Ленка молчала, отвернувшись к окну.

      А ведь она совсем некрасивая.
 
      Галка даже симпатичнее. Хорошая она, Галка. В тамбур вышла из деликатности. Почему он не влюбился в Галку? Кто знает, может быть сейчас в тамбуре стояла бы Ленка?
 
      Нет! Ленка бы в тамбуре не стояла. Ее невозможно представить третей лишней. Она всегда первая. Всегда главная. Не баба – мужик. Невысокая, коренастая, ни грамма косметики. Голос низкий, хрипловатый. Всегда в джинсах. Танцевать не умеет. Топчется на месте, даже попой не вильнет. Лицо у нее неприметное - широкие скулы, крупный нос, маленький тонкогубый рот. Но вот глаза! Да, главное в ней – глаза! Карие, с поволокой.
 
                Он понял, что по уши влюблен на первом курсе, когда увидел ее на конкурсе самодеятельности. Она пела «Хава Нагилу» на иврите. Как удар молнии поразил Яна. Что-то древнее, пряное, мучительное захватило, закачало душу. Когда-то маленьким мальчиком он уже слышал эту мелодию – так пела мама, прижимая его к себе, касаясь губами маленького ушка. Мама! Она тогда была жива. Ян помнил, как она пахла, какие теплые у нее были руки. Мама!
         
                Хава нагила, хава нагила, хава нагила
                Вэнисмэха!

На глаза навернулись непрошеные слезы, и он убежал из зала, чтобы никто их не увидел.

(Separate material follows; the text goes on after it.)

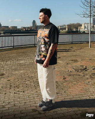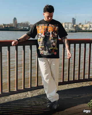 Short sleeve cotton t-shirt with oversized The Wire inspired front and back print featuring graphics inspired by legendary first season of the American crime drama series. Paying homage to some Baltimore legends. Perfected cut for that iconic slightly oversized, boxy fit with a dropper shoulder. It's recommended to stay true to size for an intended slightly oversized fit.

                С тех пор Ян все время ее искал.

                *    *    *    *

               
                Ян пошел за ней на Эльбрус.
 
                Они жили две недели в спортивном лагере. Он, профессорский сынок, изнеженный и совершенно неспортивный, осваивал азы альпинизма, таскал тяжеленные рюкзаки, раздирал в кровь руки об оснастку. Ранний подъем, обязательная зарядка до дрожи в коленях, занятия на учебном склоне, каша с макаронами три раза в день. Зато вечерами они набивались в маленькую комнатку и пели под гитару. И он мог смотреть на Ленку не скрываясь.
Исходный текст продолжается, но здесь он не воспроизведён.